Personal information
- Full name: John Graham Saunders
- Born: 30 November 1936 (age 89) Johannesburg, Transvaal, South Africa
- Batting: Right-handed
- Bowling: Right-arm off break

Domestic team information
- 1966: Oxford University

Career statistics
| Competition | First-class |
| Matches | 2 |
| Runs scored | 48 |
| Batting average | 16.00 |
| 100s/50s | –/– |
| Top score | 47* |
| Balls bowled | 591 |
| Wickets | 10 |
| Bowling average | 16.30 |
| 5 wickets in innings | 2 |
| 10 wickets in match | 1 |
| Best bowling | 5/50 |
| Catches/stumpings | 1/– |
- Source: Cricinfo, 3 July 2020

= John Saunders (cricketer) =

English cricketer & educator (born 1936)

John Graham Saunders (born 30 November 1936) is a South African-born English first-class cricketer and academic.

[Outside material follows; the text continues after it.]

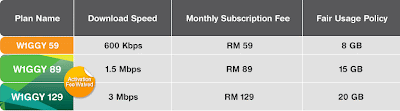 Terdapat 3 plan iaitu Wiggy 59,Wiggy 89 dan Wiggy 129.Nama plan diberi ikut charge dikenakan setiap bulan.Maklumat korang boleh tengok gambar diatas. Apa yang aku suka dengan Wiggy ini adalah korang tengok download speed memang kurang tetapi korang bandingkan quota or fair usage policy dengan mana² broadband. Mana nak dapat byk tu.Pasal quota aku ade cerita kat sini

Saunders was born at Johannesburg in November 1936. He was educated at Hilton College, before going to England to study medicine at Worcester College, Oxford though at the end of his freshman year he decided to change from medicine to study English, due largely to undiagnosed dyspraxia which affected his co-ordination during surgical procedures. While studying at Oxford, he made two appearances in first-class cricket for Oxford University against Lancashire and Leicestershire in 1966. An off break bowler, he took 10 wickets against Lancashire, with a five wicket haul in both Lancashire innings', to claim match figures of 10 for 102.

After graduating from Oxford, Saunders became an academic, lecturing for over thirty years at the University of Chichester.